Clinical phenotype and genetic risk factors for bipolar disorder with binge eating: an update
Published in Expert Review of Neurotherapeutics, 2019
Alfredo B. Cuellar-Barboza, Stacey J. Winham, Joanna M. Biernacka, Mark A. Frye, Susan L. McElroy
Environmental factors can be explored with epigenetic studies, which quantify genomic changes in response to external influence. To our knowledge, only one study has evaluated the epigenetic effect of BE in BD. Jia and colleagues [153] compared the methylation of SLC1A2 promoter between BD patients with variable environmental influences of addiction (i.e. alcohol, nicotine, or food defined as binge eating) and healthy controls. Coded by SLC1A2, the excitatory amino acid transporter 2 (EAAT2) is the main transporter removing glutamate from the synapse, and its activity has been shown to be altered in BD. In this investigation, the authors found the SLC1A2 promoter region to be hypermethylated in BD alone, but it was hypomethylated in BD with nicotine addiction (p = 0.0009) and BE behavior (p = 0.0002).
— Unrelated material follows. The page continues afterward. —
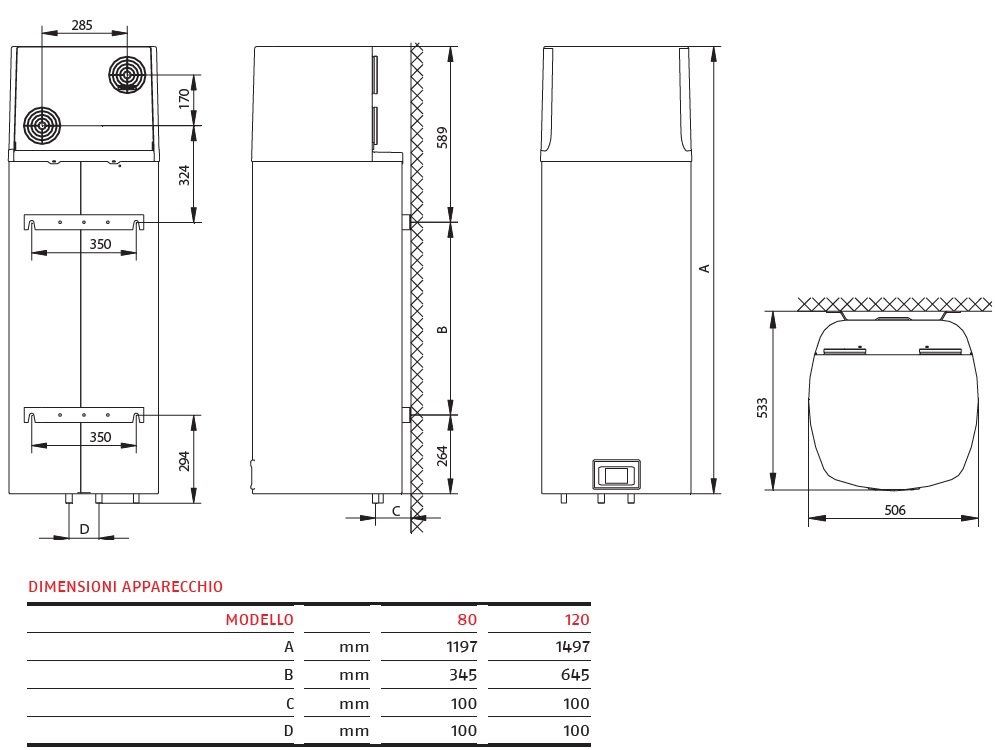 -- L’accumulo (80 o 120 litri a seconda dei modelli) consente di immagazzinare e conservare a lungo il calore, grazie al mantello isolante in poliuretano con spessori variabili da 45 a 80 mm.

This finding suggests that certain behaviors such as BE may produce epigenetic changes that are either compensatory to other epigenetic modifications or preserve aberrant behaviors [153]. However, the methodology of this study had important limitations, including those inherent to its cross-sectional design, small sample size, and lack of independent replication. Further steps required to expand upon these findings would include conducting studies with longitudinal designs, replication in brain tissue, more comprehensive exploration of the genome, and establishing a strictly refined phenotype to avoid potential confounders.